**Exercise aim**: The answer must be every line of the records in which the string "vida" appears.

**Study material**:
┄┄┄┄┄┄

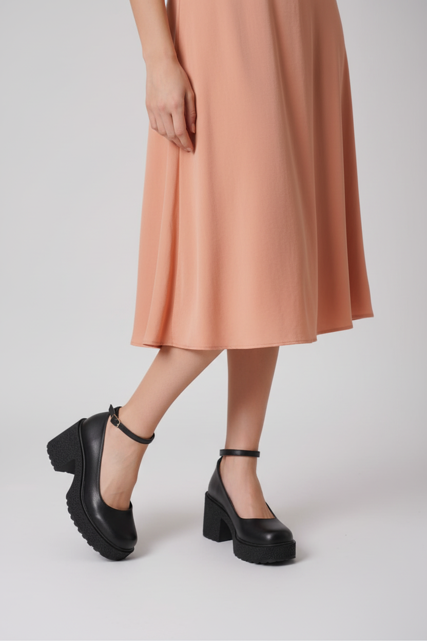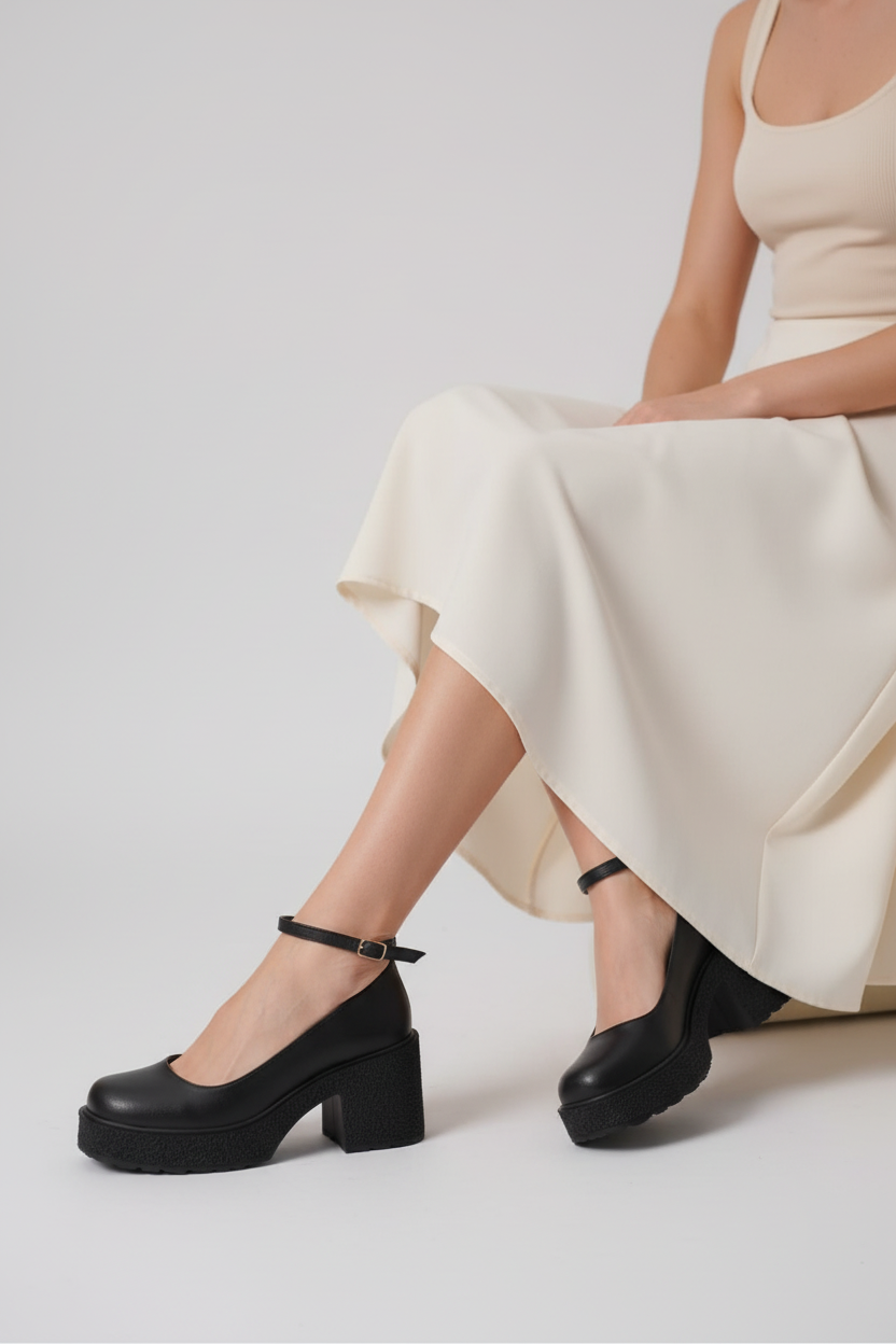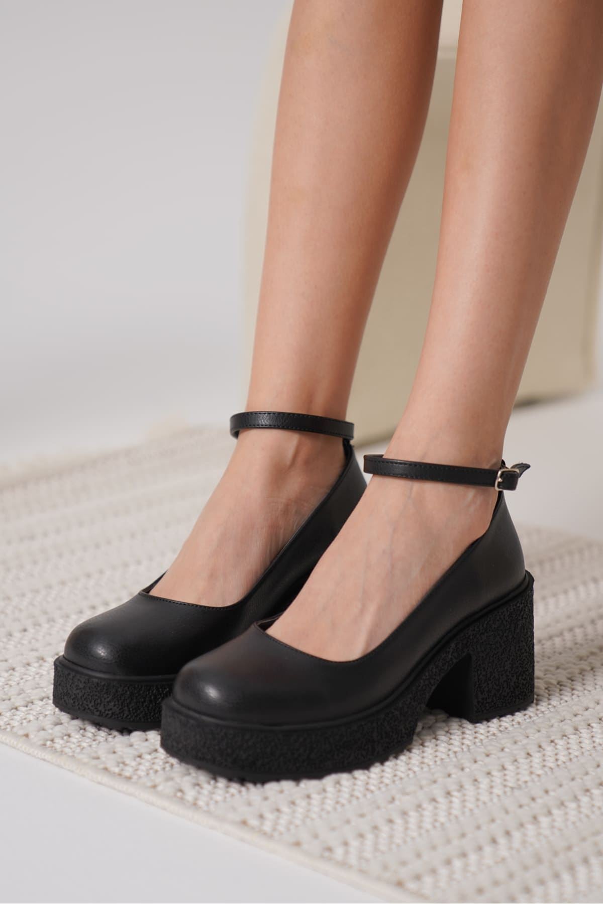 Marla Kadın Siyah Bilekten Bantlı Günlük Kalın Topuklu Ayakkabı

┄┄┄┄┄┄

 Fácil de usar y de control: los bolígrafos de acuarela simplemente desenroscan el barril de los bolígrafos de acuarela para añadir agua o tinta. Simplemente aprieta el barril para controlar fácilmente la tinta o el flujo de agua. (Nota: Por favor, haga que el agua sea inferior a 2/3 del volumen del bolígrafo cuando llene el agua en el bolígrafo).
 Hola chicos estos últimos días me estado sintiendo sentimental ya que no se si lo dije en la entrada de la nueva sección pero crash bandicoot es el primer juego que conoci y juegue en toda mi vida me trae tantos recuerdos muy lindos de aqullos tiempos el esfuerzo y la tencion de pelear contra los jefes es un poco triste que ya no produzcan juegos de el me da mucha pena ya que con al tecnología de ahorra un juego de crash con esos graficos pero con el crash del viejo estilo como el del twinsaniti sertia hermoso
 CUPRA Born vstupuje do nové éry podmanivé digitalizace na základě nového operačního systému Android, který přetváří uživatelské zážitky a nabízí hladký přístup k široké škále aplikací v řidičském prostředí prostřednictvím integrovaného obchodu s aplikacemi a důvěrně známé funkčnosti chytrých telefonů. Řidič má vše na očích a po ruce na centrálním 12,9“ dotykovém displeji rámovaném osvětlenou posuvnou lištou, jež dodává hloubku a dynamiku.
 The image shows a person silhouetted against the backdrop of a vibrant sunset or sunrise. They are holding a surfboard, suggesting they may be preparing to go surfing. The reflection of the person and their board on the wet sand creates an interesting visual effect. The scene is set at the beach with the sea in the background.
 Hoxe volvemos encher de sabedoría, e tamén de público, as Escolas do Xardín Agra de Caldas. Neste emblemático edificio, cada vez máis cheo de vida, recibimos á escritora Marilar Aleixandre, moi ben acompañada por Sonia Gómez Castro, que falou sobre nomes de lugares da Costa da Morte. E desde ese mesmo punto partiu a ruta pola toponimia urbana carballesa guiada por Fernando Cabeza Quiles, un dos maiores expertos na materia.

┄┄┄┄┄┄

**Task output**:
 Hola chicos estos últimos días me estado sintiendo sentimental ya que no se si lo dije en la entrada de la nueva sección pero crash bandicoot es el primer juego que conoci y juegue en toda mi vida me trae tantos recuerdos muy lindos de aqullos tiempos el esfuerzo y la tencion de pelear contra los jefes es un poco triste que ya no produzcan juegos de el me da mucha pena ya que con al tecnología de ahorra un juego de crash con esos graficos pero con el crash del viejo estilo como el del twinsaniti sertia hermoso
 Hoxe volvemos encher de sabedoría, e tamén de público, as Escolas do Xardín Agra de Caldas. Neste emblemático edificio, cada vez máis cheo de vida, recibimos á escritora Marilar Aleixandre, moi ben acompañada por Sonia Gómez Castro, que falou sobre nomes de lugares da Costa da Morte. E desde ese mesmo punto partiu a ruta pola toponimia urbana carballesa guiada por Fernando Cabeza Quiles, un dos maiores expertos na materia.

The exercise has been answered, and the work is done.